I was working on a formula and got a headache

Essentially you need to check in set 3 that the data exists at all (since you have some that stop at set 2), probably best accomplished by checking the total len() vs the len() of set 1 + set 2 + a period

Then you need to do a find of the next period starting at the end of the first two strings together and check the length to see if its 5, otherwise that value goes to set 4 (in set 4's own formula)..

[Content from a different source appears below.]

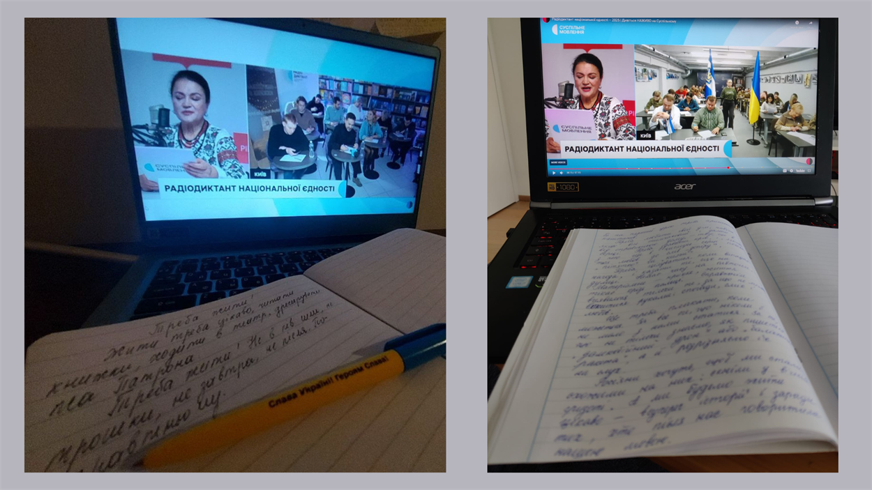 Цікавим і об'єднуючим є й телеефір радіодиктанту, де разом — воїни, волонтери, міністр, посол, студенти, актори, вчителі, журналісти, українці в Україні і за кордоном. Де пам'ятні фото і щемні спогади про українських письменників, яких вбила рф.

and that's about the point I got a headache

I hope its enough to get you back on track, however...

 

[lbanham]

Thanks. I eventually got it to work by using your suggsestion of calculating the differing lengths and by adding two helper columns to calculate if there was 2 or 3 "." and then the subsequent position number of these. It was just Set 3 formula that needed adjusted. It is below incase it helps anyone else FYI . helper columns are J4 (".") and K4 (Position number)

Helper Columns
Firstly calculate how many "." are in a cell - IF($E4="",$J3,LEN($E4)-LEN(SUBSTITUTE($E4,".","")))
Second is the position of the last "." - IF($E4="",$K3,FIND("^^",SUBSTITUTE(Pivot!$E4,".","^^",$J4)))

Main Formula
IF($E4="",$H3,IF($J4=1,"",IF(IF(AND((LEN($E4)-FIND("^^",SUBSTITUTE(Pivot!$E4,".","^^",$J4))=5),$J4=2),MID($E4,$K4+1,5),MID($E4,$K4-5,5))=$G4,"",IF(AND((LEN($E4)-FIND("^^",SUBSTITUTE(Pivot!$E4,".","^^",$J4))=5),$J4=2),MID($E4,$K4+1,5),MID($E4,$K4-5,5)))))

This now works for all length variations and combinations of data sets. Phew! No doubt there is a cleaner way to do this, but it works for me just now.

Thanks again